Pointers to literature on the subject appreciated.

-- 
				David Hinnant
				SCI Systems, Inc.
				...{decvax, akgua}!mcnc!rti-sel!scirtp!dfh

aglew@ccvaxa.UUCP (02/24/86)

There's only one optimum cache size - the largest you can afford.
That is, unless you are considering having several layers of different
speed caches, in which case there is an optimization problem for a
given cost. Convex says pretty much the same thing.

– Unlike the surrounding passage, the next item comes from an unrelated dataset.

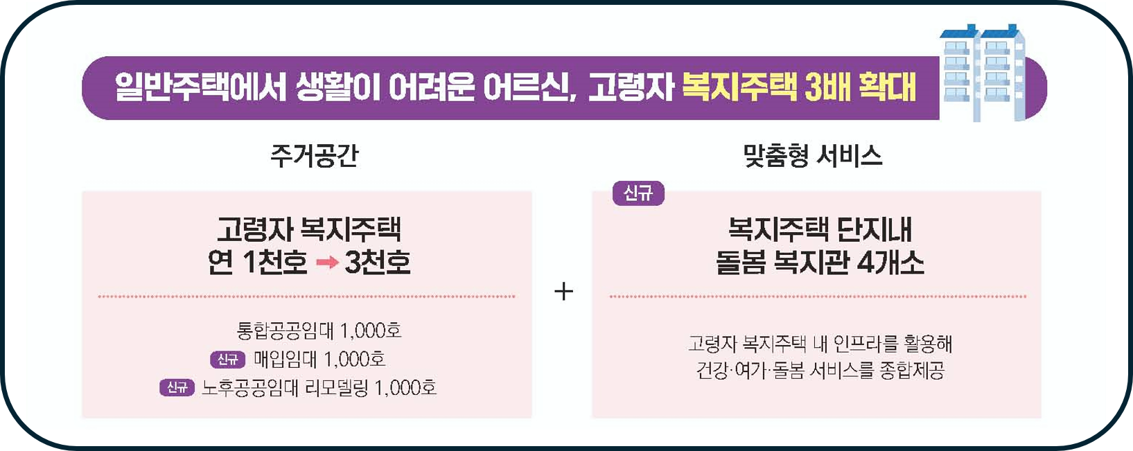 - 고령자 복지주택 연 1천 호에서 3천 호로 확대
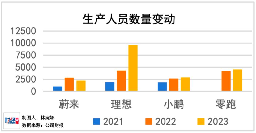 小鹏的生产人员占比为21%,低于销售人员的35%和研发人员的40%;而理想的生产人员占比虽略高达到30%,但仍低于占比为39%的销售人员。

clif@intelca.UUCP (Clif Purkiser) (03/06/86)

Subject: Re: help choosing cache sizes
Newsgroups: net.arch
Distribution: net
References: <565@scirtp.UUCP>

> Our hardware folks are starting to design a CPU board using the 80386 and
> they asked me what size and type of on-board cache would be optimum for a 
> UNIX environment.  I have no idea.
> 
> The box is (will be) an 80386 with 80186 I/O processors using multibus
> I.  There is a high speed memory bus from the CPU to the expansion
> memory card(s).  The current implementation uses an 10 MHz 80286 at 0
> wait states in lieu of the '386.
> 
> Has anybody else looked at the '386 with this in mind yet?
> 
> What cache sizes are common in other microprocessor systems?
> 
> Pointers to literature on the subject appreciated.
> 
> -- 
> 				David Hinnant
> 				SCI Systems, Inc.
> 				...{decvax, akgua}!mcnc!rti-sel!scirtp!dfh

Sorry for posting this but mail didn't seem to work.  Hope it may
prove useful other 386 designers.



Dave:

	I glad to see you are finally designing with a good microprocessor.

	In general you want as large a cache as possible.  Most of the
cache designs I have seen use a direct map cache of either 16K or 64K
bytes with 4 byte line sizes.    Most cache designs use one bank of
8 SRAMs for data and 2 or 3 SRAMs for tags.  SRAM sizes are either
4k X4 or 16 x4.  You need 35-45 nanosecond SRAMs for tags and 45-60
nanoseconds for data.


	Glen Shires published an article in the Nov/Dec issue of Intel's
Solution magazine which provides some more information of cache designs
for the 386.  Your local Intel salesman can get you a copy of Solutions
or I can send you one.

	The following caching data is based on the address references
of a group of large programs (Vi, C compile, link and execute) run under a Unix
like OS.   The numbers probably slightly understate the effectiveness of a
cache for a typical microprocessor Unix systems, (i.e smaller number of 
processes and smaller programs (utilities).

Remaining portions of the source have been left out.